-------- Available records

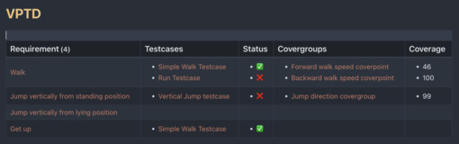 Таблицу на изображении ниже я буду называть привычным для меня термином VPTD, Verification Progress Tracking Document. В ней перечислены все требования и чем и как они покрыты.
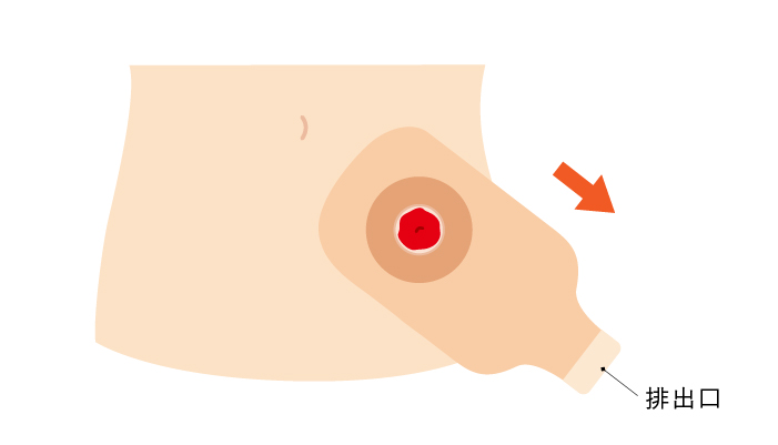 介護者がストーマ袋(パウチ)からの排出のケアを行う場合や、臥位(横になった体勢)での時間が長い場合、排出口の向きがやや外側の向きなるように装着するとケアがしやすいです。
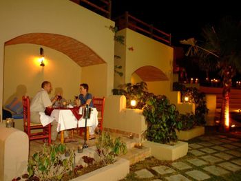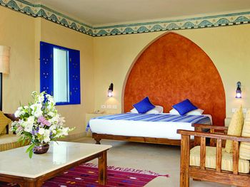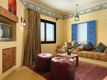 Все номера отеля оформлены в нубийском стиле и располагают балконом либо террасой с видом на бассейн, сад или море. В каждом установлен телевизор со спутниковыми каналами, мини-бар и гардероб. В отдельных номерах имеется восточный гостиный уголок с диваном.
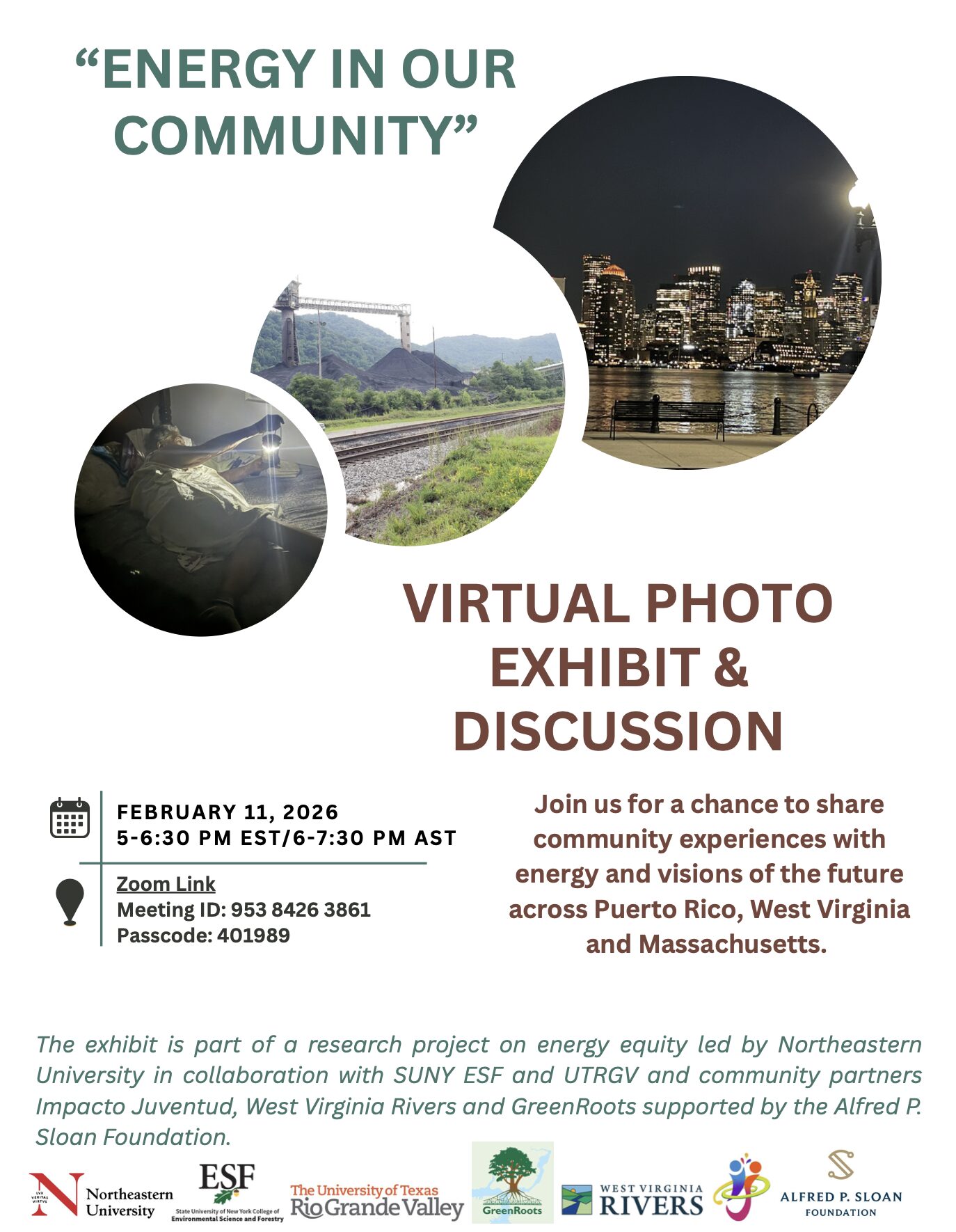 Los organizadores invitaron a la comunidad universitaria y al público general a participar del conversatorio virtual Energy in our community, que se celebrará el martes, 11 de febrero, de 6:00 a 7:30 p.m. La actividad ofrecerá un espacio para compartir experiencias comunitarias sobre energía y dialogar sobre visiones de futuro entre participantes de Puerto Rico, West Virginia y Massachusetts. El encuentro se realizará a través de la plataforma Zoom.
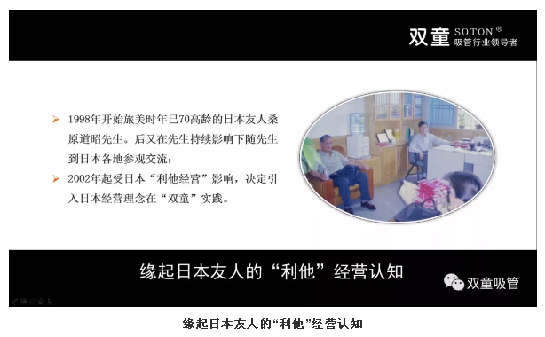 1998年,“雙童”樓仲平結識了一位旅美日本友人桑原道昭先生。桑原道昭先生在美國待了45年,會一點漢語。他會和樓仲平交流做生意的看法,并用日本人的視角和思想解讀節(jié)能環(huán)保、節(jié)約土地、員工關懷等方面的話題。
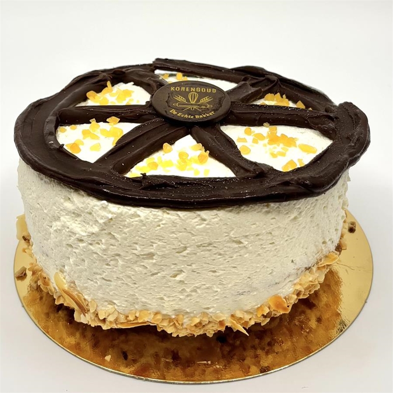 Een ode aan het wiel van Armando bij de Zandverstuiving in Rosmalen. Het taartje is voor 6 personen en bestaat uit knapperig schuim, cake, room, perzik, bitterkoekjes, slagroom en een chocolade wiel.
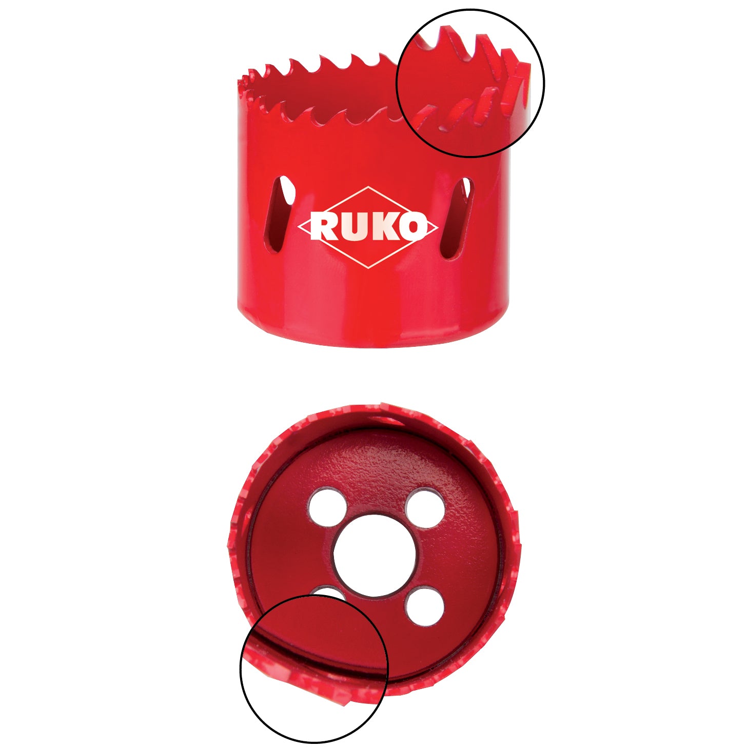 RUKO offers High Speed Steel Red Hole Saws ranging from 14mm-210mm in Diameter.
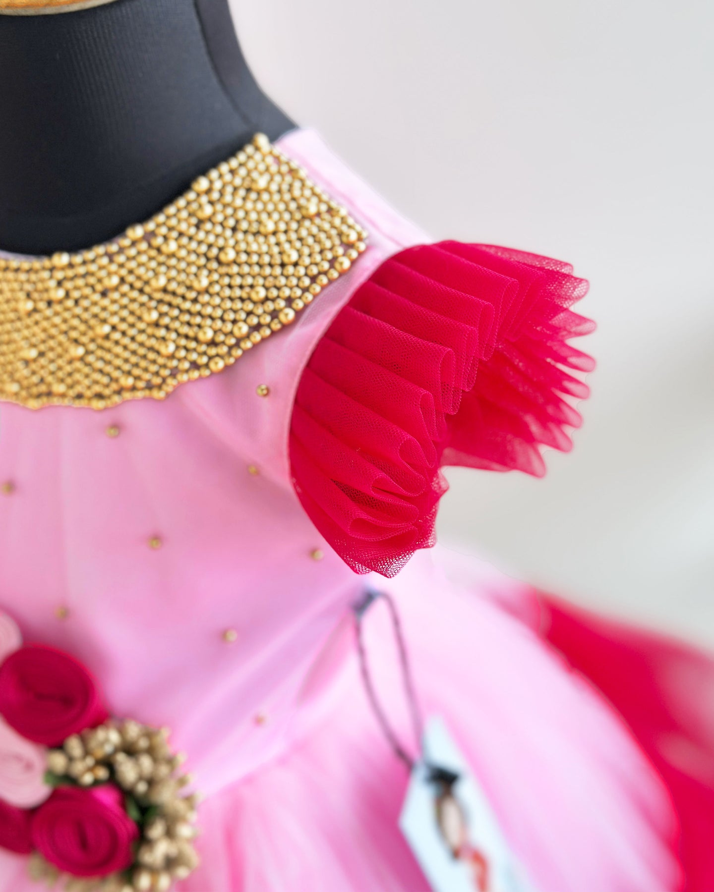 Baby Pink & Rany Pink shade handwork flower frock is made with soft nylon net fabric. The yoke portion of the frock is designed with handwork design. Golden colour beads are thickly covered on the neck part in round pattern and its spreaded on the body part. The centre portion of the frock is designed with handmade satin flowers which is fully filled with golden pollens. The skirt portion of the frock is designed as a flared pattern. End portion of net is filled with Rany Pink Ruffles. Back side of the dress has a matching satin tie for adjusting the fitness. Premium matching colour satin is used for net for glossy feel. Inner portion is covered with white shade high quality soft poplin lining.

----------------

Requirement
Give back every entry word for word, and drop the pictures as you go.

Answer for this exercise
 Таблицу на изображении ниже я буду называть привычным для меня термином VPTD, Verification Progress Tracking Document. В ней перечислены все требования и чем и как они покрыты.
 介護者がストーマ袋(パウチ)からの排出のケアを行う場合や、臥位(横になった体勢)での時間が長い場合、排出口の向きがやや外側の向きなるように装着するとケアがしやすいです。
 Все номера отеля оформлены в нубийском стиле и располагают балконом либо террасой с видом на бассейн, сад или море. В каждом установлен телевизор со спутниковыми каналами, мини-бар и гардероб. В отдельных номерах имеется восточный гостиный уголок с диваном.
 Los organizadores invitaron a la comunidad universitaria y al público general a participar del conversatorio virtual Energy in our community, que se celebrará el martes, 11 de febrero, de 6:00 a 7:30 p.m. La actividad ofrecerá un espacio para compartir experiencias comunitarias sobre energía y dialogar sobre visiones de futuro entre participantes de Puerto Rico, West Virginia y Massachusetts. El encuentro se realizará a través de la plataforma Zoom.
 1998年,“雙童”樓仲平結識了一位旅美日本友人桑原道昭先生。桑原道昭先生在美國待了45年,會一點漢語。他會和樓仲平交流做生意的看法,并用日本人的視角和思想解讀節(jié)能環(huán)保、節(jié)約土地、員工關懷等方面的話題。
 Een ode aan het wiel van Armando bij de Zandverstuiving in Rosmalen. Het taartje is voor 6 personen en bestaat uit knapperig schuim, cake, room, perzik, bitterkoekjes, slagroom en een chocolade wiel.
 RUKO offers High Speed Steel Red Hole Saws ranging from 14mm-210mm in Diameter.
 Baby Pink & Rany Pink shade handwork flower frock is made with soft nylon net fabric. The yoke portion of the frock is designed with handwork design. Golden colour beads are thickly covered on the neck part in round pattern and its spreaded on the body part. The centre portion of the frock is designed with handmade satin flowers which is fully filled with golden pollens. The skirt portion of the frock is designed as a flared pattern. End portion of net is filled with Rany Pink Ruffles. Back side of the dress has a matching satin tie for adjusting the fitness. Premium matching colour satin is used for net for glossy feel. Inner portion is covered with white shade high quality soft poplin lining.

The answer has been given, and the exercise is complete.